• INFORMATION PROVIDED:
########
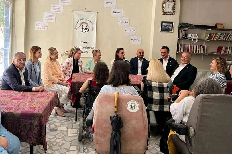 Heyet, Edirne Engelli Gönüllüleri Derneği Başkanı Serpil Erkenciler ve üyelerini ziyaret etti. Dernek üyeleri ile tek tek selamlaşıp konuşan Ayva, “Engelleri aşmak için birlikte mücadele ediyoruz. Yan yanayız, gönül gönüleyiz” dedi.
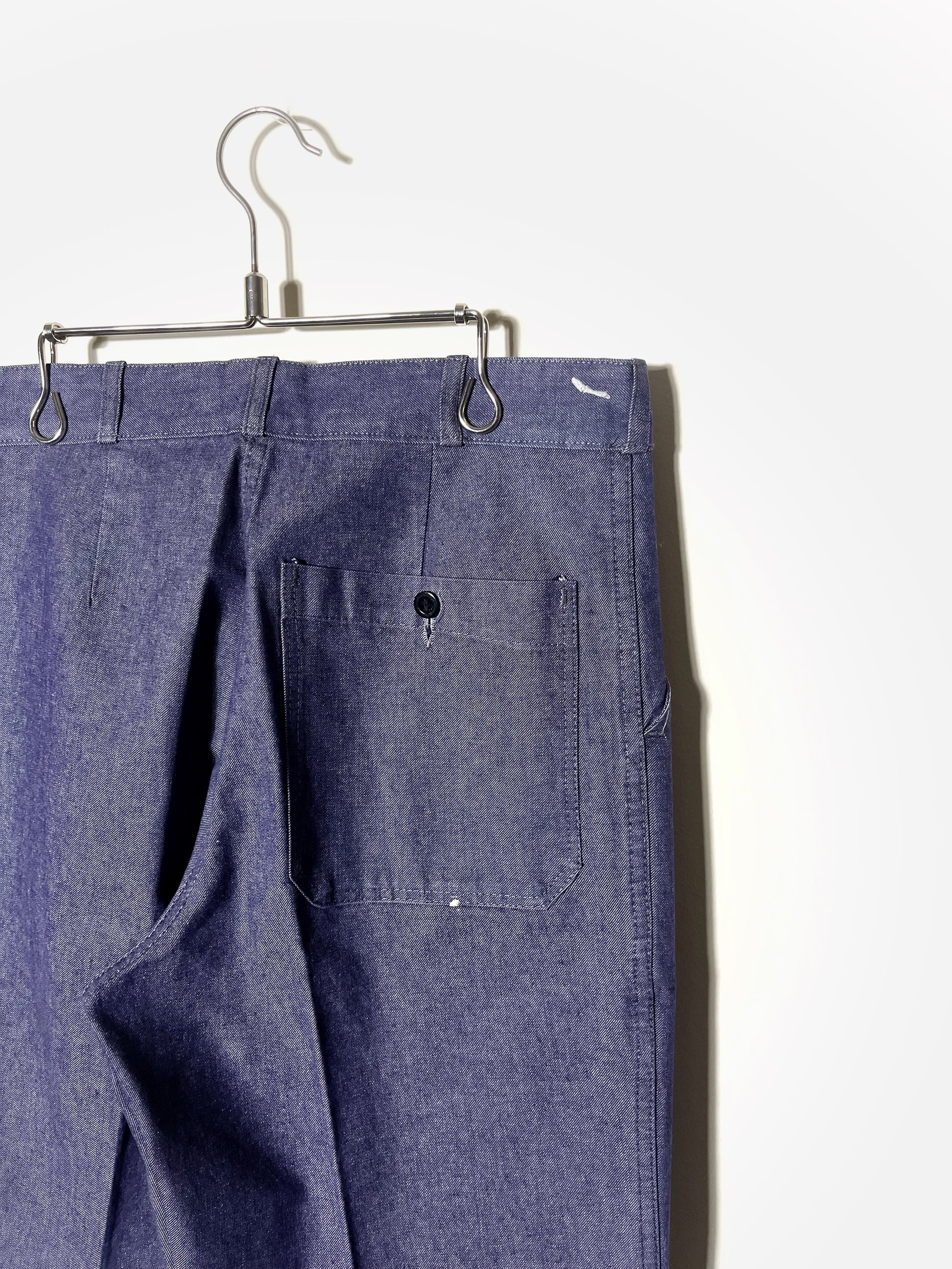 フランス軍で支給されていたデニムパンツ。ハリのある硬めのデニム素材でありながら、ワイドなスラックスシルエットのため、上品な着こなしが可能。フロントの1タックやジップフライ仕様、適度な太さと洗練された佇まいが魅力です。元々はメンズ向けのアイテムのため、高身長の方、細身のメンズの方にも手に取っていただけるアイテムです。
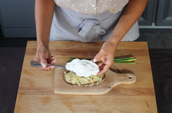 Posez 1 cuillère à soupe d’oignons sur les tranches de pain.
########
• TASK STATEMENT: Retype the whole listing. Keep every word exact but include no pictures.

• FINISHED EXERCISE:
 Heyet, Edirne Engelli Gönüllüleri Derneği Başkanı Serpil Erkenciler ve üyelerini ziyaret etti. Dernek üyeleri ile tek tek selamlaşıp konuşan Ayva, “Engelleri aşmak için birlikte mücadele ediyoruz. Yan yanayız, gönül gönüleyiz” dedi.
 フランス軍で支給されていたデニムパンツ。ハリのある硬めのデニム素材でありながら、ワイドなスラックスシルエットのため、上品な着こなしが可能。フロントの1タックやジップフライ仕様、適度な太さと洗練された佇まいが魅力です。元々はメンズ向けのアイテムのため、高身長の方、細身のメンズの方にも手に取っていただけるアイテムです。
 Posez 1 cuillère à soupe d’oignons sur les tranches de pain.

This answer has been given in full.